私たちが暮らしている現実空間とは少し離れたところで、何か妙なものが動いている、だから不安だ……それがドローンやマルウェアに対する私たちの正直な感想ではないだろうか。特にスパイウェアが外部から遠隔操作でこっそりと情報を盗み出す手口を考えてみると、余計にそういった印象を強くする。

だが大きく異なるのは、マルウェアがもともと規制のないサイバー空間で自由気ままに活動を開始し、すでに四半世紀を超えている点だ。その結果、今や高度なプログラムと巧妙な手法を兼ね備え、効果的な金銭獲得に成功するにとどまらず、政治的、軍事的、産業的な破壊行為が実行できる段階にまで至っている。それと比べるとドローンはまだ黎明期であり、大半の利用者は興味本位で楽しんでいるにすぎなかった。

しかし、2015年4月に官邸ドローン事件が発生して以来、国内ではテロ行為に悪用される懸念が急激に高まり、ドローンに対する法規制を強める動きが活発化した。その結果、2015年9月には早くも航空法の改正法が成立し、12月に施行されるに至った。これまで全く制限のなかったドローンに対して、以下のようなことが禁止された。

禁止事項

  • 人口が集中する地区の上空
  • 空港周辺の上空
  • 夜間の飛行
  • 高度150メートル以上の飛行

もちろんこうした禁止区域であっても、経験が豊富な操縦者が飛行許可申請を行い申請が通れば、ドローンの飛行や撮影は可能である。とはいえ、それでも以下のような制限事項があり、実際の使用については、かなり範囲が狭められたことは間違いない。

制限事項

  • 目視できない飛行
  • 人や建物からの距離(30メートル以上)
  • 物の投下
  • 爆発物の輸送

当面は、誰かに目撃されると、それだけで通報されるという事態が起こることも予想される。つまりマルウェアはプログラムでありその実態はつかみにくいが、ドローンは飛行中や落下したときなどはその正体がはっきりしているという違いがあることが分かる。そのため、ドローンを利用して野外におけるイベントなどを空撮しようというのも、各自治体の条例や各施設においてそれぞれが「禁止」や「自粛」の方向性を打ち出している。

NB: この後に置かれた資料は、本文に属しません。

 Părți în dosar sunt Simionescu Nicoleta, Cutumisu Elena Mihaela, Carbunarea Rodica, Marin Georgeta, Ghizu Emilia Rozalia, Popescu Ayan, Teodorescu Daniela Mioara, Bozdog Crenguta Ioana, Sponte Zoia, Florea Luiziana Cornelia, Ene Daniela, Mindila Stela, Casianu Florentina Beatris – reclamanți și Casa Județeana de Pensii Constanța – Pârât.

神奈川県横浜市にある寺院では無許可の飛行や撮影を禁止している

神奈川県横浜市にある寺院では無許可の飛行や撮影を禁止している

長野県松本市の文化財施設の入り口には「自粛」の文字が

長野県松本市の文化財施設の入り口には「自粛」の文字が

官邸ドローン事件においてドローンを飛ばした男性に対しては、2016年2月に威力業務妨害罪で懲役2年の有罪判決が下された。さらに、テロ対策として、重要施設の上空の飛行を禁じる法整備も進められている。2016年3月中に成立する見通しの規制法案では、首相官邸や皇居、外国要人がいる施設や周辺などでの飛行が禁じられる。原発施設も対象となる見通しだ。もしも目撃された場合、警察当局には破壊などが認められる。

これだけ厳しい環境がつくられた中で、はたして今後のドローンの商業的利用はどうなるのであろうか。実は、2015年12月、ビジネス創出を目的とした政府による規制緩和地域「国家戦略特区」に指定されている千葉市が、ドローンを使った宅配サービス実験を開始すると発表している。この場合、「特区」であることから法的規制が外され、人口密集地域であってもドローンが飛ばせる。

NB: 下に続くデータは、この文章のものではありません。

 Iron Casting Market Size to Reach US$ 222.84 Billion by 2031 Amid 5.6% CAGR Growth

すなわち、この特区における実験次第では、法規制を変えて今後ドローンの商業的利用にも門戸が開かれる可能性があるということである。混沌としたサイバー空間においては、マルウェアによる脅威など確かに不安要因が多いが、同時にさまざまなメリットがあるし、私たちはこの空間を現実空間と同じように大切なものとして日々利用している。それと同じように、上空空間におけるドローンの挙動についても、今後、法規制と商業的利用のバランスをうまくとっていく方向に進んでいってほしいものである。